Intel® oneAPI Threading Building Blocks
Ask questions and share information about adding parallelism to your applications when using this threading library.

Atomic wrapper around a pointer to integer

jaredkeithwhite
New Contributor I
1,260 Views
Here's what I've got:

I have some object (call it "nstrument") which calculates an integer value. There is a possibility that multiple threads could pass this object "sensor data") and then the instrument needs to recalculate it's output value. This output value is used in a separate thread.

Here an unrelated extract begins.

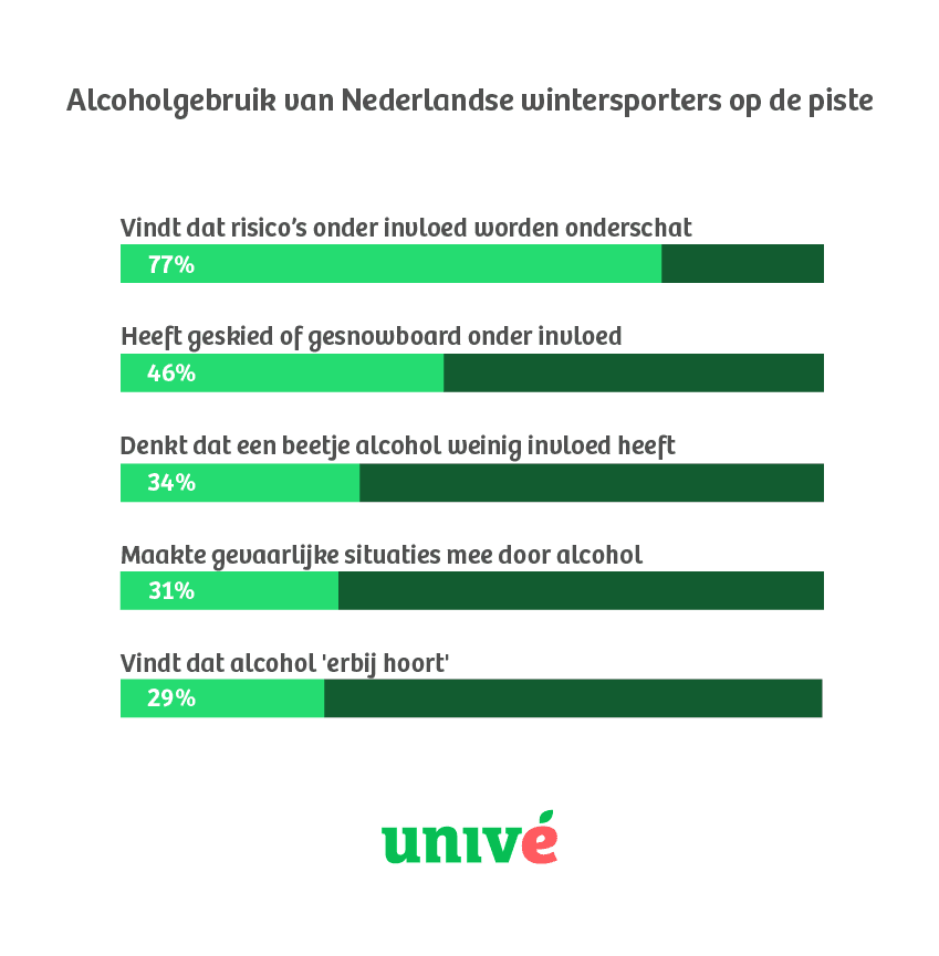 Het onderzoek laat zien dat bijna de helft van de wintersporters weleens heeft geskied of gesnowboard terwijl ze alcohol hadden gedronken (46%). Voor velen hoort een drankje op of langs de piste bij de wintersportbeleving: ruim een kwart van de Nederlanders vindt het gebruik van alcohol vóór of tijdens het skiën of snowboarden vanzelfsprekend (29%). Tegelijkertijd denkt ruim een derde van de wintersporters (34%) dat een kleine hoeveelheid alcohol weinig invloed heeft op het reactievermogen op de piste.

Since it's possible that multiple threads could invoke the "instrument.ondata(somevalue)" method, which then should recalculate the result, it's obvious that this value needs to be atomically stored. Additionally, we will need to always read consistent results when we're reading the instrument values. Having said that, there is another catch. Let's say that I want to tell the instrument class where to put the value (using a pointer).

My question is: Is it possible to create an atomic reference that wraps this pointer to an integer?



0 Kudos
1 Solution
Dmitry_Vyukov
Valued Contributor I
1,260 Views
Stores and loads to word-sized aligned memory locations are atomic on all wide-spread architectures. So what you described will work with plan 'int* volatile'.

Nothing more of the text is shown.